That sounds interesting! I can see four different video thumbnails on the right side, each showing variations of this scene. One of them even has the pelican wearing a helmet, which adds a humorous touch. Another shows the pelican standing next to a bicycle, almost as if it's ready to hop on and start pedaling.
Below the text input, there are some style options like "photorealistic," "35mm film," "minimal," "sketchy," "handmade," and "abstract." These probably let me choose the visual style of the video. For now, I'll stick with the default settings.

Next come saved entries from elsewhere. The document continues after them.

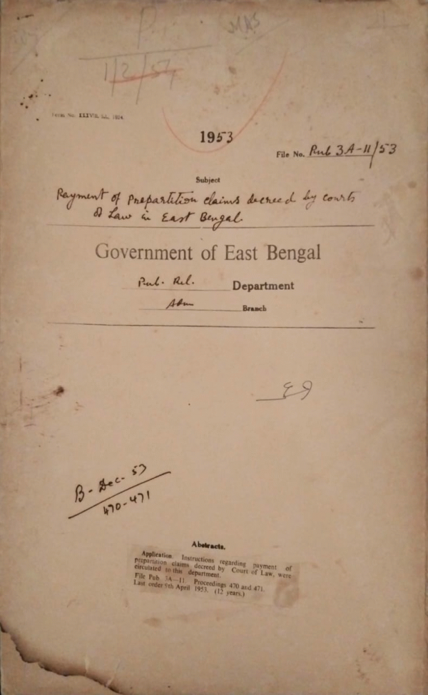 | Rack No. 18, Bundle No. 08, SI No. 574 Payment of rent of requisitioned house kept reserved for the residential accommodation of officers. | Rack No. 18, Bundle No. 08, SI No. 575 Procedure regarding pay of officiating H/A. followed in P.R. department to be reported to C.B.I. Department. | Rack No. 18, Bundle No. 08, SI No. 576 Establishment of a film unit in the P.R. Department. | Rack No. 18, Bundle No. 08, SI No. 577 Payment of prepetition claims decreed by courts of law in East Bengal. | Rack No. 18, Bundle No. 08, SI No. 578 Grant of Special Loan to Mr. M.S.A. Wafa, A.D.P. | Rack No. 18, Bundle No. 08, SI No. 579 Drawal of pay of govt. servants proceeding abroad on temporary official duty. | Rack No. 18, Bundle No. 08, SI No. 580 Permission to pre-partition govt. servants to the prescribed scale of pay of their present posts. |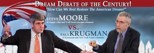 I spent time last weekend with Steve Moore, the Heritage Foundation’s chief economist and a writer for The Wall Street Journal. Steve told me the Dream Debate of the Century between Paul Krugman and him, scheduled at FreedomFest, July 8-11, has generated a huge amount of buzz. “Everywhere I speak, that’s all they ask about,” Moore said. Krugman is the #1 New York Times columnist and an advocate of big government.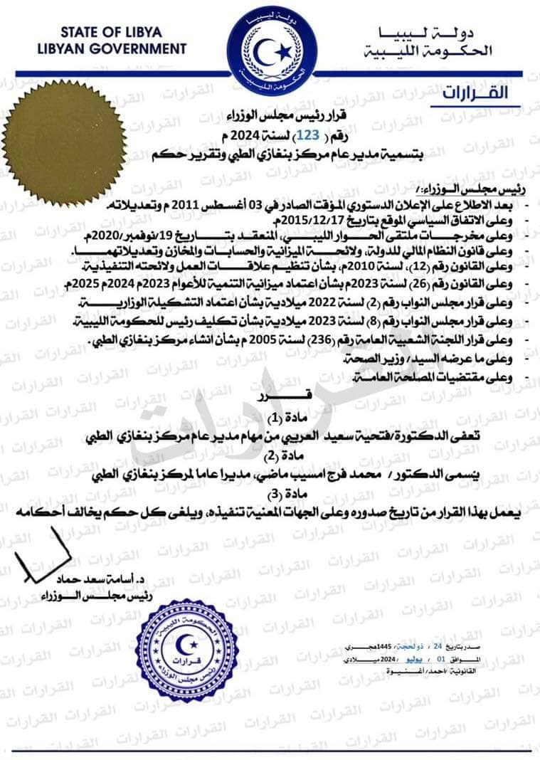 أصدر رئيس مجلس الوزراء بالحكومة الليبية، الدكتور أسامة حماد، قرارًا رقم (123) لسنة 2024، والذي يتضمن تعيين مدير عام جديد لمركز بنغازي الطبي وتقرير حكم وبموجب هذا القرار، تم إعفاء الدكتورة فتحية سعيد العريبي من مهامها كمدير عام للمركز، وتعيين الدكتور محمد فرج إمسيب ماضي بدلاً منها

At the bottom of the left panel, there are two buttons: "Start over" and "Create videos." I guess "Create videos" is the one I need to press to generate the videos based on my text prompt.
Let me think about this. I want to see what kind of videos this tool can produce based on my description. The example prompt is already filled in, so maybe I should just go ahead and click "Create videos" to see what happens.
Wait a minute, the prompt mentions a coastal path overlooking a harbor. In the thumbnails, I can see a background with water and boats, which matches the description. It's cool how the tool has interpreted the text into visual elements.
I should also pay attention to the "Visual Prompt" section, which says "View only." That probably means I can't edit it directly, but I can view the generated videos based on this prompt.
Hmm, maybe I should try changing the prompt to see different results. For example, instead of a pelican riding a bicycle, maybe I could describe a different scene. But for now, I'll stick with the given example to understand how it works.
After clicking "Create videos," I expect to see the videos being generated. There might be a loading process, depending on the complexity of the prompt and the tool's processing speed.
Once the videos are ready, I can preview them to see how well they match my description. If I'm not satisfied, I can always go back and adjust the prompt or try different style options.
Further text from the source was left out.